# Cambalache > Que los cumplas muy feliz >  Iban cumple un añito

## Pulgas

No, no es que quiera ponerle chupete de repente, sino que Iban, el súper moderador, el genio sin igual, el spamer mayor del reino, el Top4, el único... cumple su primer año en el foro.
Un año, 3.549 mensajes. Se dice pronto. Dentro de 20 años, habrá roto todos los contadores.

*¡Felicidades, Iban! ¡Y gracias!*

----------


## t.barrie

La verdad que a este paso batirá todos los records :Eek1: 

Más que felicitarle, agradecerle el tiempo que dedica al foro. Uno se alegra de tener gente así por aquí... :Smile1: 
A ver si algún día nos conocemos, que quiero aprender a romper mesas de marmol.

----------


## Iban

Tomás, romper mesas es fácil. Lo que todavía no cotrolo es la parte de recomponerlas. ;-)

Fernando, ¿un año? Quién lo diría... la cantidad de tonterías que se pueden decir en tan sólo un año. Jijijiji...

¡Que siga el espectáculo!

Pero sin mariconadas, ¿eh? ; - )

----------


## Ming

¿Cómo que todo un año?
Direis que hace tan solo un año que apareció este personaje, y vaya personaje  :302: 
Iban, te felicitaría, pero no hay nada que felicitar, cuando lleves 50 años por aquí ya hablaremos ^^
Iban... gracias.

----------


## M.David

> Un año, 3.549 mensajes. Se dice pronto. Dentro de 20 años, habrá roto todos los contadores.
> 
> *¡Felicidades, Iban! ¡Y gracias!*


Ya sabéis que los de Bilbao...
Seguramente sería una apuesta :302: 
Gracias por todo Iban

----------


## MagDani

Jolines Iban un año y 3549 mensaje :Confused: ?

Eso te sale a 10 mensajes diarios (quitando esos 1 días  que te quedaste sin ADSL)

que grande eres

----------


## Ming

> que grande eres


¿Grande se entiende como spammer?
Si es que sí, entonces sí, que grande eres  :O21: 
Jeje, yo también te quiero mucho :P

----------


## Mago Lawrence

¿COOOMOOOOOO?

¿que tenemos que seguir aguantando a Iban 20 años mas?

ay dios mio la que no s espera...


jaja que no que no que es broma :D

espero que sigas mucho tiempo por aquiii

----------


## Iban

¿20 años? No fastidies. No hay disco duro en el servidor del foro para 20 años de mensajes míos...

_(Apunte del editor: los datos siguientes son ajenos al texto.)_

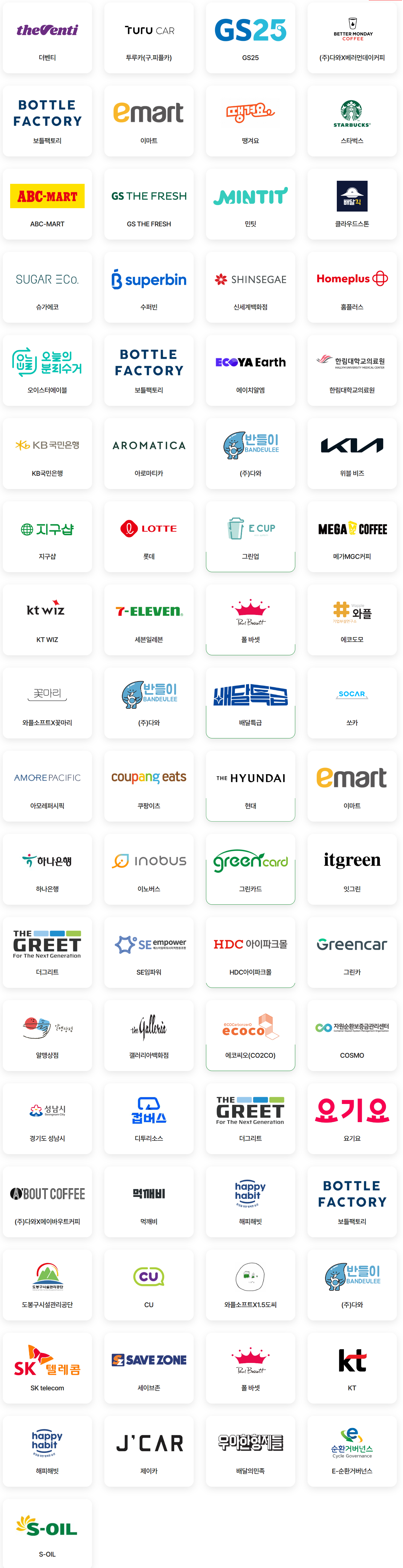탄소중립 포인트 녹색생활실천에 참여하는 기업들입니다

3.550 x 20 = 71.000 mensajes.

Vamos, no me aguantaría ni yo.

Jejeje... Cada día celebramos cosas más raras. Ayer regalé el Moliné a uno por su aniversario en la oficina. (Ah, t'estim molt).

----------


## Mago Lawrence

bueno Iban la tecnologia avanza..
dentro de 5 años ya veras ya si caben

----------


## Ritxi

Pues a mi se me ha hecho largo este año.
ya no me imagino el foro sin Iban... y eso seguro que es grave

----------


## Iban

¡La virgen santa!

¿No había fotos más pequeñas?

Que con esto me da para hecerme un poster...

Qué grande eres, Ritxi. Pero grande, grande.

----------


## Dieani

Muchas felicidades!

Y que cumplas muchos massss!!!

jejej

Un abrazo mágico.

----------


## barajasdemelo

¿Un año? - ¿3.554 menajes?
Lo que hace el ocio.  :302:  :302:  :302:  :302:  :302:  :302:  :302:  :302: 

*FELICIDADES Y GRACIAS POR TU TIEMPO Y CONOCIMIENTO*

----------


## Mistico

¡Felicidades compañero! ¡¿A ver cuántos años eres capaz de aguantar por aquí?! Un abrazo y que disfrutes de todo este nuevo año.

 :Wink1:

----------


## Álvaro Oreja

Grandioso el trabajo que has hecho en este foro! Y el que te queda! ^^

Felicidades Iban!

----------


## Magnano

¡¡¡Feliz cumleregistración!!!

Y justamente hace poco que te di la bienvenida al foro, como pasa el tiempo...
Te espero en Barcelona siempre que quieras. ¡Ah! Se dice t'estimo  :Wink1: 
Un abrazo super moderador
Los emoticonos no se ponen blancos...

----------


## oskiper

Tan sólo un año :Confused: 

Pero vamos si parece que está aquí desde siempre!!!!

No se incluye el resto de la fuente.